** Opening Recorded data block **

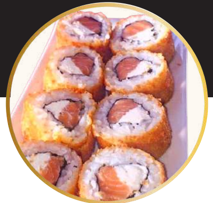
SUKI 5.600 Salmón y queso crema, cubierto con panko.
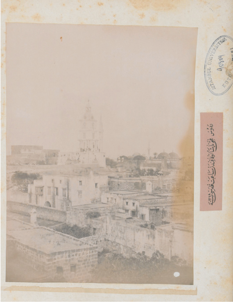
Ek 3: Ahmed Fethi Paşa Evkâfından Saat Kulesi (Rodos)
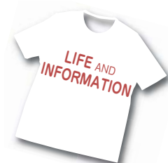
市役所各課へは代表番号☎24-1111からおつなぎします。

け、警察から「事故証明書」をもってらってから、国民健康保険課で申請を。 ※飼い犬にかまれた場合や傷害の場合も申請が必要。

** Closing Recorded data block **

Problem to work on |
Leaving every picture out, repeat each line of the material exactly.

Expected answer |
SUKI 5.600 Salmón y queso crema, cubierto con panko.
Ek 3: Ahmed Fethi Paşa Evkâfından Saat Kulesi (Rodos)
市役所各課へは代表番号☎24-1111からおつなぎします。

け、警察から「事故証明書」をもってらってから、国民健康保険課で申請を。 ※飼い犬にかまれた場合や傷害の場合も申請が必要。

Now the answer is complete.